The parotid glands are the dominant producers of serous saliva and are at risk for significant incidental radiation dose when delivering WBRT [1,2,7,17]. While historical data had suggested a salivary gland tolerance dose of ~40 Gy [18], it is clear that parotid gland tolerance is in fact much lower than this. Eisbruch and colleagues reported in a seminal publication that a mean parotid dose of 26 Gy was associated with the threshold for impairment of stimulated salivary flow [6]. In this report, most glands that received over 26 Gy produced little saliva with no significant recovery through time. Partial volume thresholds were also reported by these investigators. Since the publication of this report, numerous other reports have characterized the dose-response relationship [18-19]. Results have varied regarding the predicted dose that would lead to xerostomia, but xerostomia with mean doses as low as 22 Gy has been identified [20].

Although data indicate recovery of salivary gland function with time, it can take up to 12 months to recover to pretreatment levels even when mean doses to the parotids are kept below 25 Gy [18]. Quantitative Analyses of Normal Tissue Effects in the Clinic (QUANTEC) guidelines therefore recommend sparing one parotid gland to a mean dose <20 Gy if the paired gland is to receive a high dose or, if that is not possible, to limit the mean total bilateral parotid dose to <25 Gy [5,19].
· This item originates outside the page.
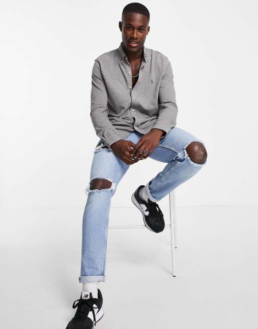 Polo Ralph Lauren icon logo slim fit pique shirt buttondown in grey marl Very well made.

The radiation technique used to deliver WBRT can significantly affect the mean dose to the parotid glands due to their anatomic location [10,13]. There is historic concern that tightening the inferior borders of standard WBRT fields may result in underdosing the brain parenchyma [20-22]. Dosimetric studies have shown that in the 3-D planning era, the additional information provided by CT scans can limit dose to normal tissue while maintaining appropriate coverage of the intracranial space [11-13,23-25].
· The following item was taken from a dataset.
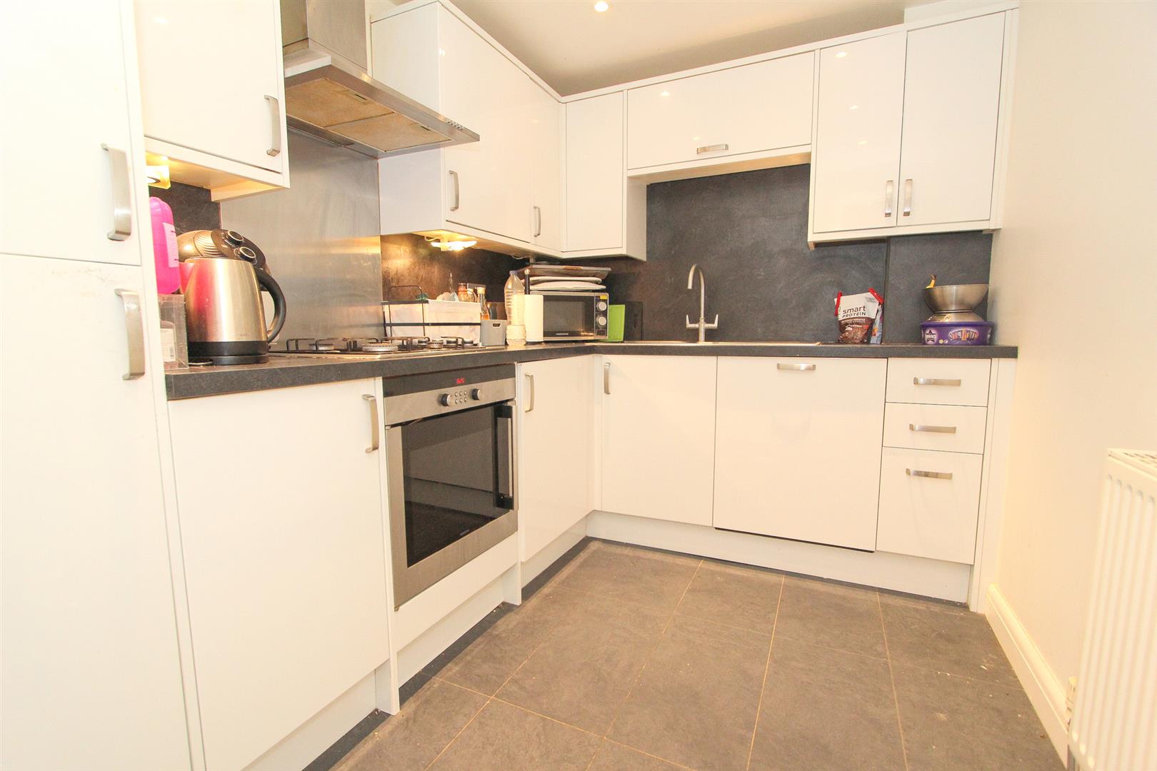 Range of fitted wall units with matching cupboards and drawers below, granite effect worktops with inlaid stainless-steel sink and brushed chrome mixer tap, inlaid gas hob with oven/grill below and extractor fan above, integrated dishwasher and washing machine, integrated fridge/freezer, tiled effect flooring, single panel radiator.

There is no set standard for the lower border of the WBRT field. Coverage to the bottom of the C1 or C2 vertebra originated in an era prior to cross-sectional imaging, with treatment to such osseous anatomic landmarks adhered to in order to avoid marginal tumor misses. The variable coverage of C1 vs. C2 seems to have been dictated by institutional preferences and practices rather than clinical data. Unfortunately, radiation-induced xerostomia is likely underreported in the palliative and prophylactic setting, leaving clinicians to depend on NTCP models to guide treatment planning decisions. We feel that the principle of primum non nocere should guide physicians to set the border at C1 unless radiographic or clinical disease characteristics indicate a high chance of failure at the inferior margin.

Conclusions

Extending the inferior border of a standard whole brain field to cover the C2 vertebral body significantly increases the mean parotid dose and the resultant anticipated rates of clinical xerostomia based on three separate NTCP models. Whole brain radiation therapy plans that cover C2 more often result in the violation of commonly accepted parotid treatment planning constraints compared to plans which are limited to covering C1. Clinicians who choose to prescribe dose to cover C2 in WBRT plans should be aware that doing so significantly increases the dose of radiation delivered to the parotid glands, and is predicted to result in more incidence of xerostomia at rates that may be as high as 20% in plans delivering 37.5 Gy. Given the rarity of failures within the craniospinal axis at the C2 level, we would advocate against coverage of C2 in WBRT.